Из всех семнадцати внучат Виктора Альбы Габриэль Анхелико был для него самым непонятным. Когда в раннем детстве мальчик прибегал с букетом, что твой ангелочек, дед сухо замечал матери, что его впору одевать в платьице. Глаза у него лучились солнечным светом, и он был такой худенький, что, казалось, только дунь на него, и он упадет. Он никогда не играл в корриду с черным лабрадором механика и не клянчил, чтобы ему дали закрутить гайки на каком-нибудь старом джипе в мастерской. Ссадины на коленках у него бывали только тогда, когда его поколачивали, поваляв по земле, другие мальчишки за то, что он такой несносный тихоня. Однако, повзрослев, Габриэль Анхелико сделался видным юношей. Прямой как стрелка, он одиноко ходил по улицам и аллеям торжественным шагом, словно выступая в процессии. Хорошо зная о популярности внука среди студенческой аудитории, Виктор Альба так и не изменил о нем своего мнения. Он находил в Габриэле Анхелико только ранимую душу, тихий нрав и ни одного из качеств, которые составляют сущность мужчины.

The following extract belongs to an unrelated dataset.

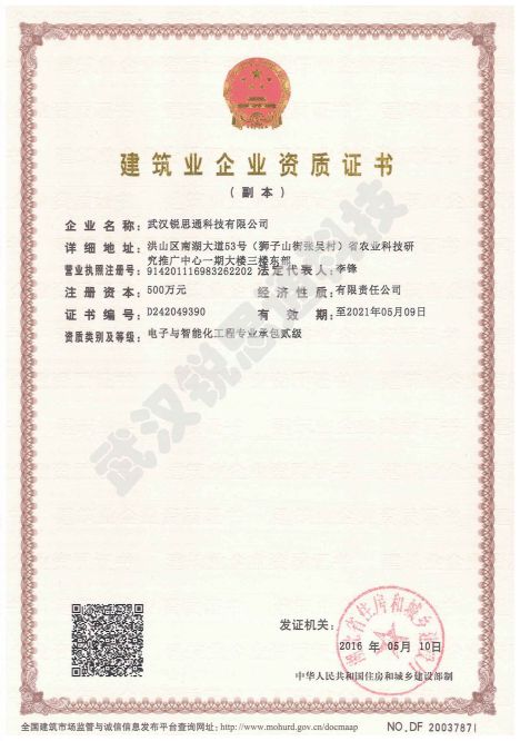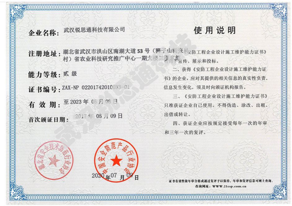 安防工程企業設計施工維護能力二級證書

Виктора Альбу передергивало при виде тощего живота внука, его тонких складочек подкожного жира, длинных ног и замкнутого лица. Особенно противны были деду его руки, эти тонкие пальцы, изящно перелистывающие страницы справочников и стихотворных сборников – пальцы, в которых так легко порхало перо и которые никогда не уставали, хотя этот писака дописался уже до полного умопомрачения. Такие руки не приспособлены для труда. На них не заметно было ни следа каких-либо наработанных навыков, они оставались гладенькими и новенькими, как ни разу не надеванные лайковые перчатки. От этих рук никому не было проку, они не могли никого защитить, или содержать своей работой, или пробудить в женщине желание. Виктор Альба давно примирился с мыслью, что Габриэль Анхелико никогда не женится. Не надеялся он и на то, что тот обзаведется любовницами, как полагается уважающему себя холостяку. В убогой личности этого внука было так мало привлекательного, что Виктору Альбе казалось непонятным, отчего в дом на берегу реки повадилась приходить по вечерам молоденькая иностранка. Она приходила всегда одной и той же дорогой и всегда сидела в одном и том же кресле, в одной и той же позе, и все только для того, чтобы побыть с Габриэлем Анхелико, пока не догорит закат.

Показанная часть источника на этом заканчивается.